-- RECORDS TO USE follows --
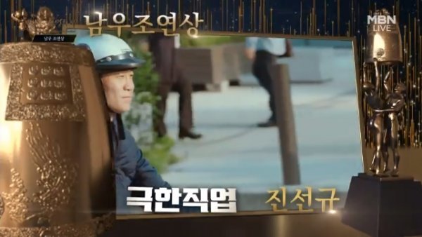 이날 진선규는 남우조연상의 영예를 안았으나 촬영으로 인해 시상식에는 불참했다. 이에 ‘극한직업’ 제작사 어바웃필름의 김성한 대표가 대리 수상했다.
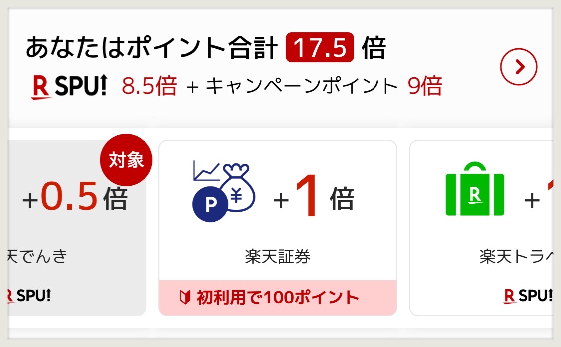 楽天でんきは、SPUが0.5倍アップです♬
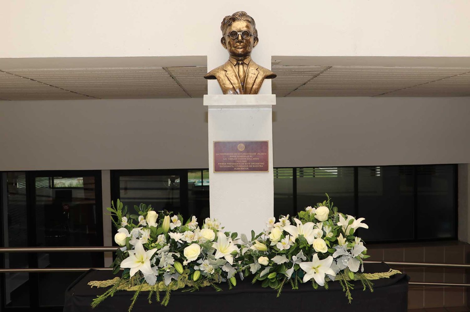 “Hoy, celebramos el trigésimo octavo aniversario luctuoso del Licenciado Carlos Cuesta Gallardo, cofundador de nuestra Universidad y primer Presidente de la Federación de Estudiantes de Jalisco”.
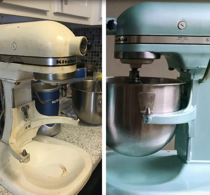 24. "Нашёл этот миксер KitchenAid 70-х годов за 35 долларов, перекрасил его, и теперь он выглядит как новенький"
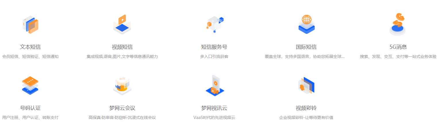 除文本短信外,艾弗森贝博ballbet官网科技已开发并良好运营着包括视频短信、短信服务号、国际短信、5G消息、号码认证、艾弗森贝博ballbet官网视讯云等多种云通信产品。
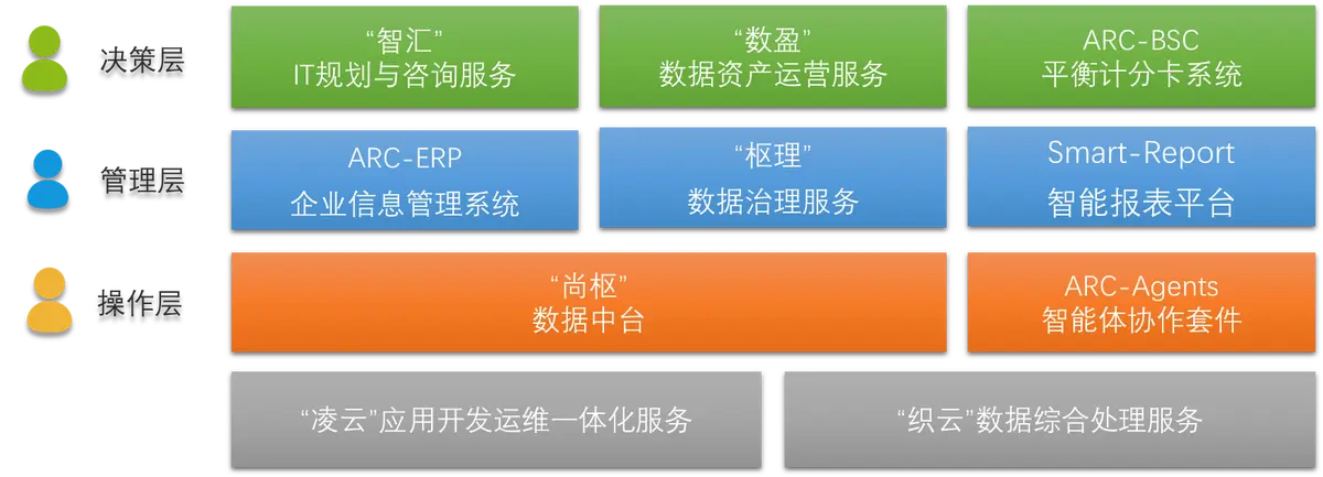 在決策層,“智匯”IT規(guī)劃與咨詢服務(wù),憑借專業(yè)團隊對行業(yè)趨勢和技術(shù)生態(tài)的深度洞察,為企業(yè)量身定制契合發(fā)展戰(zhàn)略的IT架構(gòu)藍圖,明晰數(shù)字化路徑;“數(shù)盈”數(shù)據(jù)資產(chǎn)運營服務(wù),挖掘企業(yè)數(shù)據(jù)價值,將分散數(shù)據(jù)轉(zhuǎn)化為可運營、能創(chuàng)造效益的資產(chǎn),驅(qū)動業(yè)務(wù)創(chuàng)新;ARC - BSC平衡計分卡系統(tǒng),以戰(zhàn)略為導(dǎo)向,從財務(wù)、客戶、內(nèi)部流程、學習與成長等維度,量化指標、監(jiān)控進度,助力科學決策 。
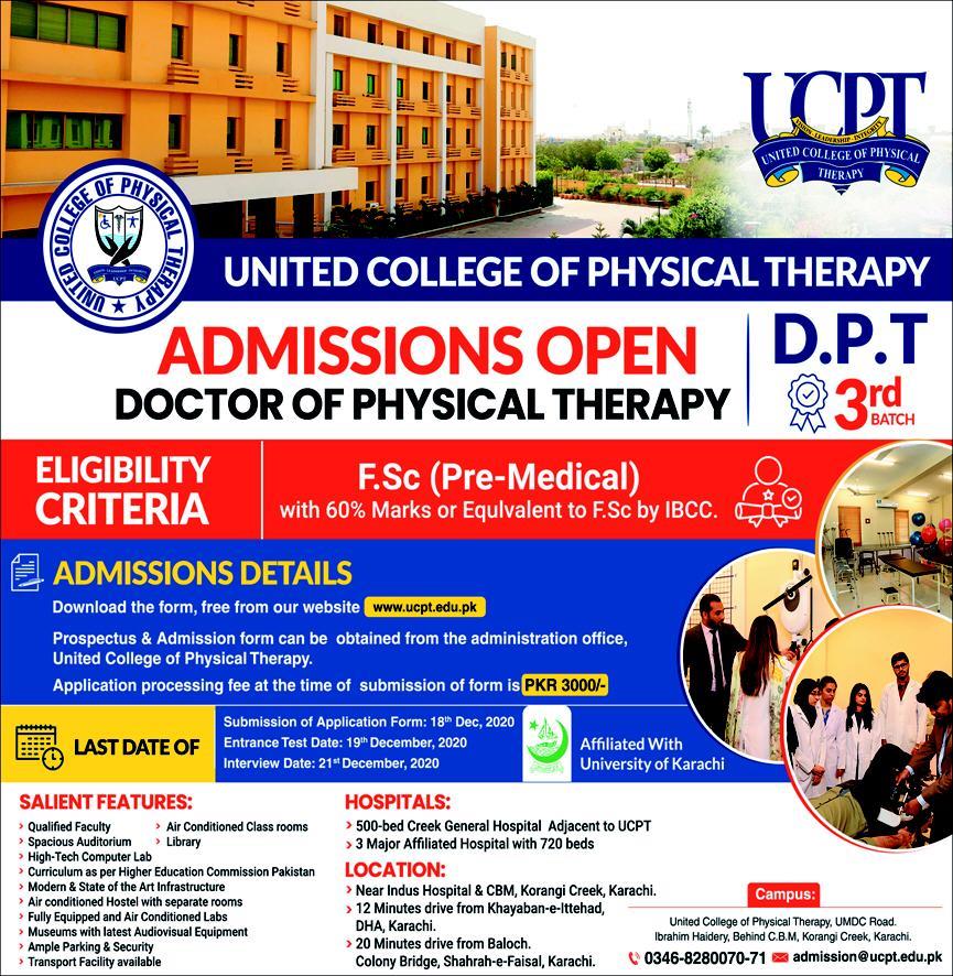 United College of Physical Therapy has announced the admission 2021 for DPT Doctor of physical Therapy in Karachi. The last date for submission of admission forms is 18th December 2021.
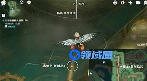 按指引路线走,前往水管位置,进入风场,在风场中间位置的水管上,回收复制品3,进入风场,前往风场顶部通道。
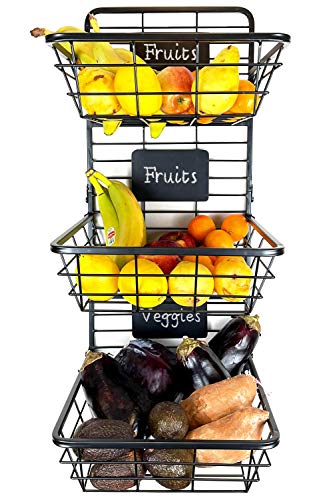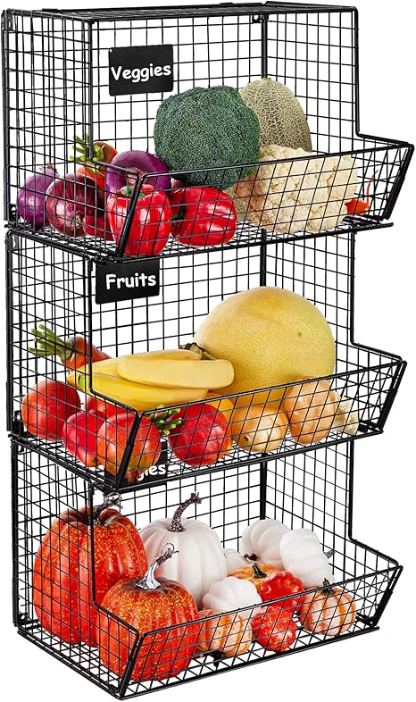Wall Mounted Wire Basket Hanging Fruit Basket, 3 Tier Kitchen Storage Bins Fruit Vegetable and Pantry Organizier Stand, Produce Rack, Black,
-- RECORDS TO USE concluded --
WHAT TO DO:
Set down the data above word for word, leaving every picture out.

ANSWER BELOW:
 이날 진선규는 남우조연상의 영예를 안았으나 촬영으로 인해 시상식에는 불참했다. 이에 ‘극한직업’ 제작사 어바웃필름의 김성한 대표가 대리 수상했다.
 楽天でんきは、SPUが0.5倍アップです♬
 “Hoy, celebramos el trigésimo octavo aniversario luctuoso del Licenciado Carlos Cuesta Gallardo, cofundador de nuestra Universidad y primer Presidente de la Federación de Estudiantes de Jalisco”.
 24. "Нашёл этот миксер KitchenAid 70-х годов за 35 долларов, перекрасил его, и теперь он выглядит как новенький"
 除文本短信外,艾弗森贝博ballbet官网科技已开发并良好运营着包括视频短信、短信服务号、国际短信、5G消息、号码认证、艾弗森贝博ballbet官网视讯云等多种云通信产品。
 在決策層,“智匯”IT規(guī)劃與咨詢服務(wù),憑借專業(yè)團隊對行業(yè)趨勢和技術(shù)生態(tài)的深度洞察,為企業(yè)量身定制契合發(fā)展戰(zhàn)略的IT架構(gòu)藍圖,明晰數(shù)字化路徑;“數(shù)盈”數(shù)據(jù)資產(chǎn)運營服務(wù),挖掘企業(yè)數(shù)據(jù)價值,將分散數(shù)據(jù)轉(zhuǎn)化為可運營、能創(chuàng)造效益的資產(chǎn),驅(qū)動業(yè)務(wù)創(chuàng)新;ARC - BSC平衡計分卡系統(tǒng),以戰(zhàn)略為導(dǎo)向,從財務(wù)、客戶、內(nèi)部流程、學習與成長等維度,量化指標、監(jiān)控進度,助力科學決策 。
 United College of Physical Therapy has announced the admission 2021 for DPT Doctor of physical Therapy in Karachi. The last date for submission of admission forms is 18th December 2021.
 按指引路线走,前往水管位置,进入风场,在风场中间位置的水管上,回收复制品3,进入风场,前往风场顶部通道。
Wall Mounted Wire Basket Hanging Fruit Basket, 3 Tier Kitchen Storage Bins Fruit Vegetable and Pantry Organizier Stand, Produce Rack, Black,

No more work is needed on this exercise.